Thursday, November 09, 2006

Who sucks hardest on the federal teat? Rich people

Via Slate, I see, that, according to the AP, over the last 12 years the Republican congress not only shifted spending from Democratic congressional districts to Republican ones, but also, and more significantly, they shifted spending from low-income people to upper-income people:
...spending on child care food programs was slashed 80 percent; public and Indian housing grants were virtually eliminated; rental housing loans for rural areas and special benefits for disabled coal miners were cut by two-thirds; and the food stamp program was cut by a third [At the same time] Direct payments to farmers increased sevenfold during the six years of GOP rule; business and industrial loans quadrupled; home mortgage insurance went up 150 percent; and crop insurance assistance jumped by two-thirds.

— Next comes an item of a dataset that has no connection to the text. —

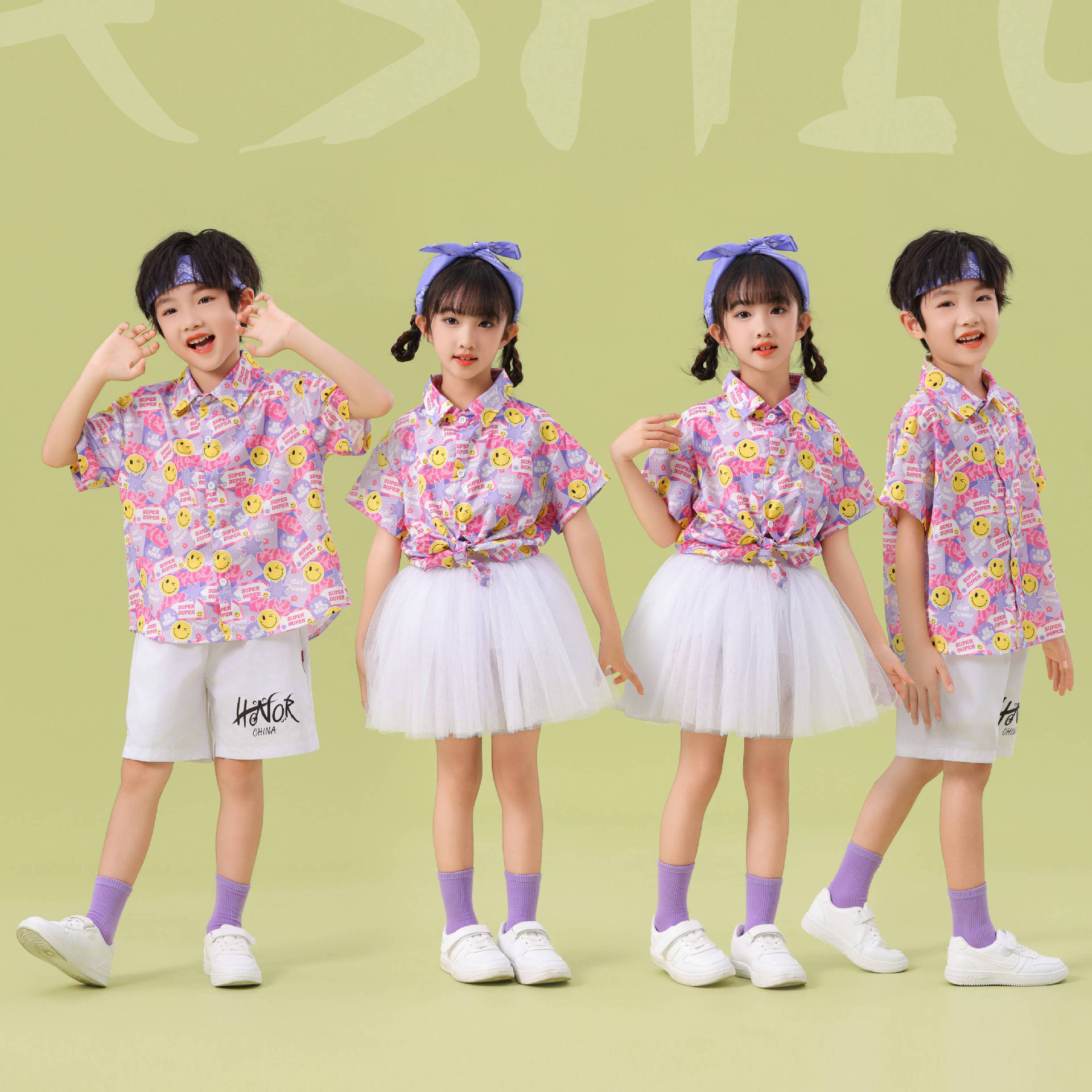 남학생 꽃 셔츠 흰색 거즈 스커트 댄스 세트 6 월 1 일 유치원 공연 세트 초등학생 스포츠 치어 리더 유니폼스토어 가기

As Slate concludes: In other words, while Democrats want to redistribute income downward, to the poor, Republicans want to redistribute it upward, to the rich. This impulse is particularly offensive when you consider that even before the Republicans recaptured the House in 1996, entitlement spending tended (improbable as it sounds) to favor the wealthy. Here is how Neil Howe and Phillip Longman put it in a 1992 article for the Atlantic Monthly (their source was the Congressional Budget Office):
[T]he most affluent Americans actually collect slightly more from the welfare state than do the poorest Americans. … [In 1991,] U.S. households with incomes over $100,000 received, on average, $5,690 worth of federal cash and in-kind benefits, while the corresponding figure for U.S. households with incomes under $10,000 was $5,560. Quite simply, if the federal government wanted to flatten the nation's income distribution, it would do better to mail all its checks to random addresses. The problem is not that poverty programs don't target the poor. More than 85 percent of the benefits from AFDC, SSI, and food stamps do indeed go to households with incomes under $20,000. But their impact is neutralized by all the other programs, which tilt the other way and are, of course, much greater in size.

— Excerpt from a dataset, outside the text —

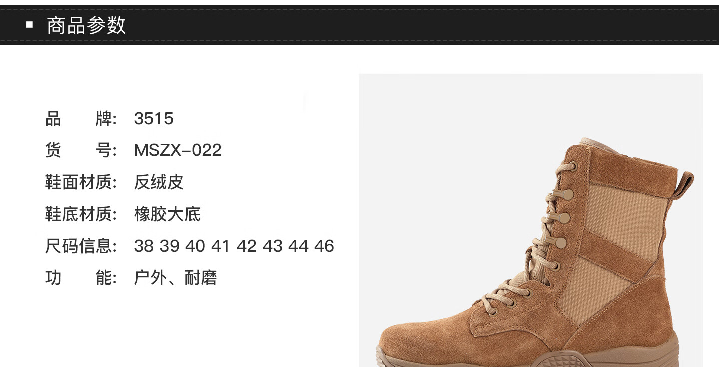 3515男靴新式棕色作战靴户外防刺登山靴防滑耐磨训练靴沙漠靴 棕色 42

If you add in tax benefits such as the mortgage interest deduction, the average federal subsidy for the under-$10,000 group stayed about the same while the average for the over-$100,000 group rose to $9,280. In terms of total fiscal cost, moreover, the aggregate amounts received by the non-needy in 1991 were staggering. One half (at least $400 billion) of all entitlements went to households with incomes over $30,000. One quarter (at least $200 billion) went to households with incomes over $50,000. These are the facts--regardless of what our political folktales might say.

Here's William Jennings Bryan in 1896: 'Who is it most needs a navy?' Is it the farmer who plods along behind the plow upon his farm, or is it the man whose property is situated in some great seaport where it could be reached by an enemy's guns?'" In other words, the wealthiest one percent are the ones who benefit most form government apperatus, entitlments and and subsidies. Therefore, they should be the ones to pay for it.